しかも、その様子を見守っているのは彼らだけではない。
その母馬が産気付いてから、自分たちの馬房からその様子を見守るように見ている牡馬も二頭いた。
そこに、二人の男女がやって来る。
その二人は親と娘ぐらい歳が離れているように見えた。
そんな親娘がやってくると、片方の牡馬、葦毛の馬が静かに嘶いた。
「おー、よしよし……いい子だ」
男は嘶いた葦毛を優しく撫でつつ、近くにいた別の厩務員にやや音量を落として尋ねた。
「……どうだ、生まれたか?」
「これは……宮崎さん、娘さんも。まだですね……あの通り奮闘中で。破水してもうそろそろ30分ですし……」
「そうか……」
「……ねぇ、どういうこと?」
中学生か高校生ぐらいの娘は父親に尋ねる。すると、
「美鶴。馬の出産ってのは30分を超えてくるとお腹の子の生死に関わる何か異常事態が起きてるってことになる。ましてやオースミキャンディは今回が初産と聞いてるからな」
「初産で時間が掛かるってこういうこと……?」
「そうだ。尤も、あの子が無事生まれて母体も無事なら、次の子を産むときはもっとスムーズになるはずだ」
そんな会話をしている側で、
「よし、やったぞ、足と頭が出てきた!」
「ゆっくりと引っ張れ! もう少しだぞキャンディ頑張れ」
母親であるオースミキャンディという名の牝馬は難産に嘶いて馬房の藁の上を今にも転げ回りそうな状態だった。
しかし、厩務員と獣医が我が子を慎重に自分から取り出そうとしているのはわかっているため、必要以上に暴れていないようだった。
牡馬たちも「頑張れ」「しっかりしろ」と言わんばかりに嘶き、それが段々声量も大きくなっていく。
「そのまま、そのまま……!」
だがその苦痛も峠を越した様子であり、あとは何ら抵抗もなく仔馬はスルリと母の産道を抜けた末に藁の上に降りた。そんな我が子を見たオースミキャンディ。羊水でヌメヌメとした仔馬の体を舐め始めると、間も無く仔馬は口から羊水を吐き出した。
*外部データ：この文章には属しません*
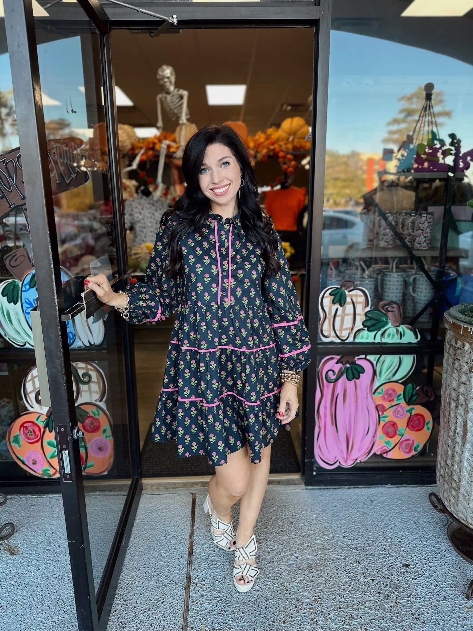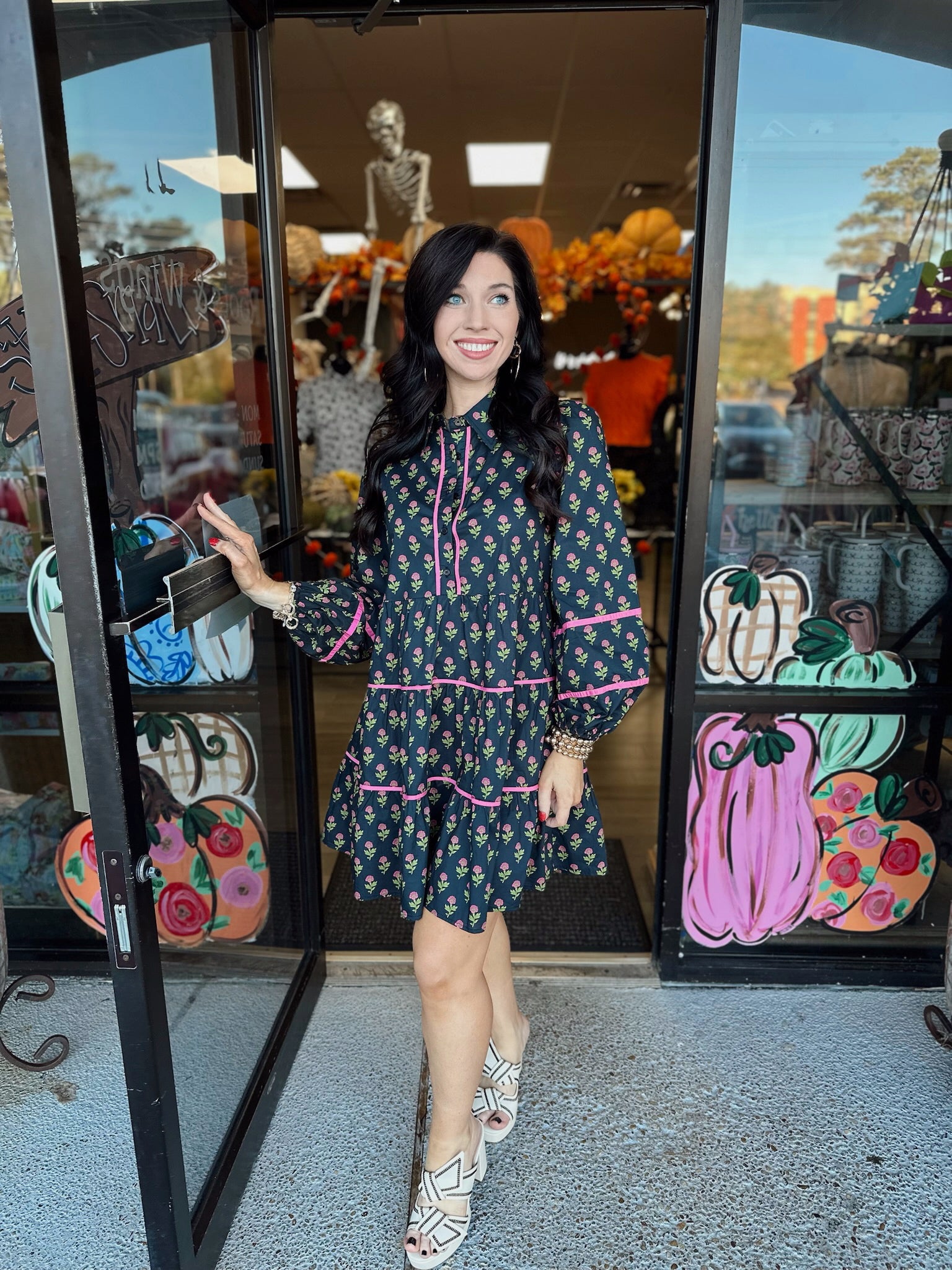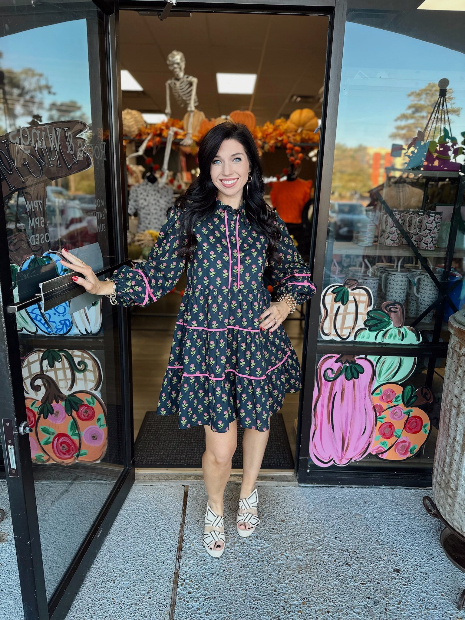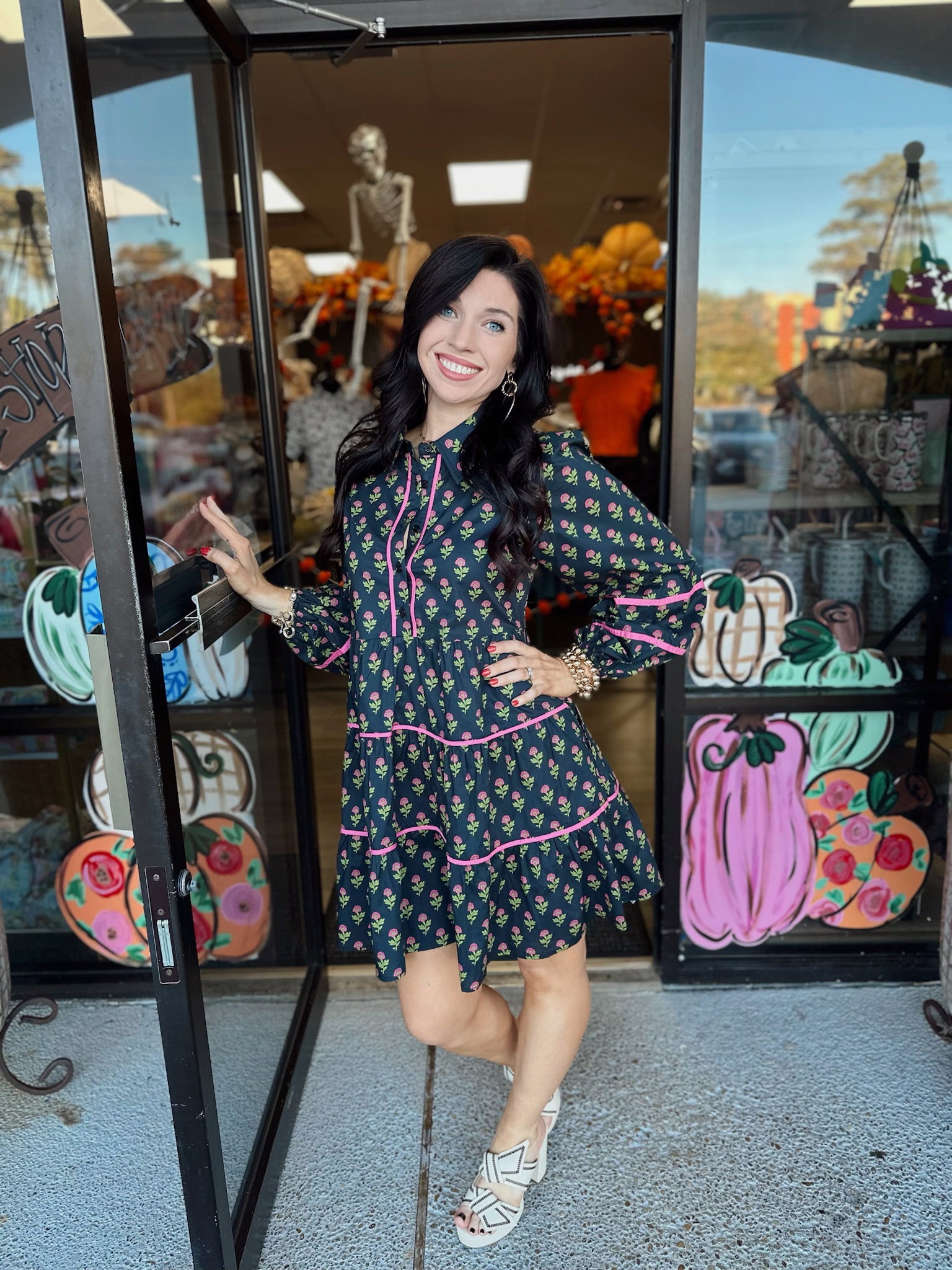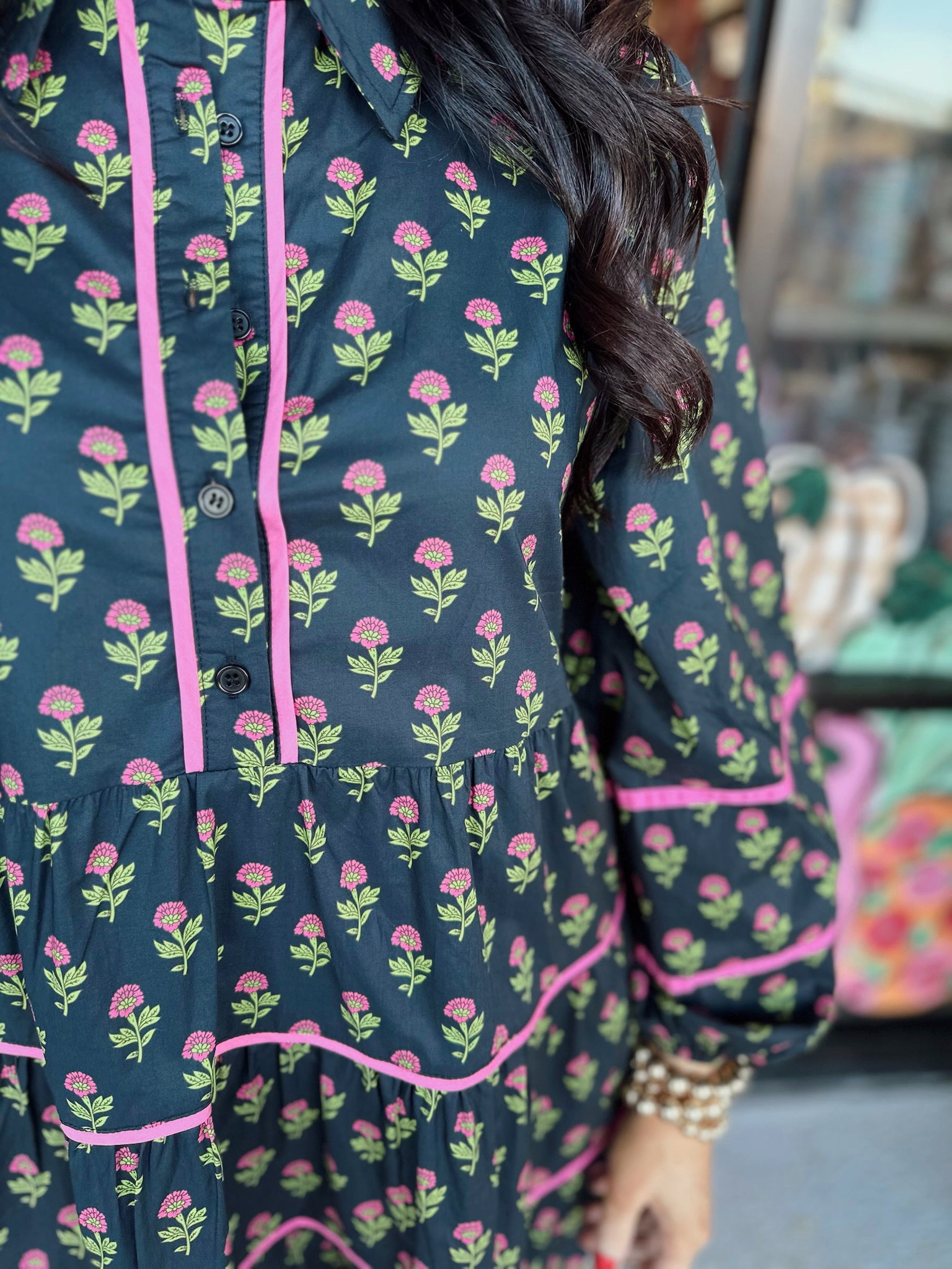Long sleeves button down floral dress with contrast trim accent, tiered dress, collared neckline.

牡馬たちはそれを見て安堵したような嘶きを漏らすと少し静かになった。
そして、20分もすると、
「おぉ……」
「やった。立ったぞ!」
「奇跡だ、奇跡の子が生まれた!」
見守っていた厩務員たちは一斉に……母馬や仔馬、それに他の馬が驚かないよう静かに歓声をあげて喜びを分かち合った。
奇跡の子。
そう呼ばれたこの仔馬の誕生を心待ちにしていたのは厩務員たちだけではない。
「美鶴、おめでとう。あれはお前の馬だ」
「私の……馬」
父・雄馬は、それまで見せたことの無いような優しい笑みを浮かべて、立ち上がったばかりの仔馬を見ていた。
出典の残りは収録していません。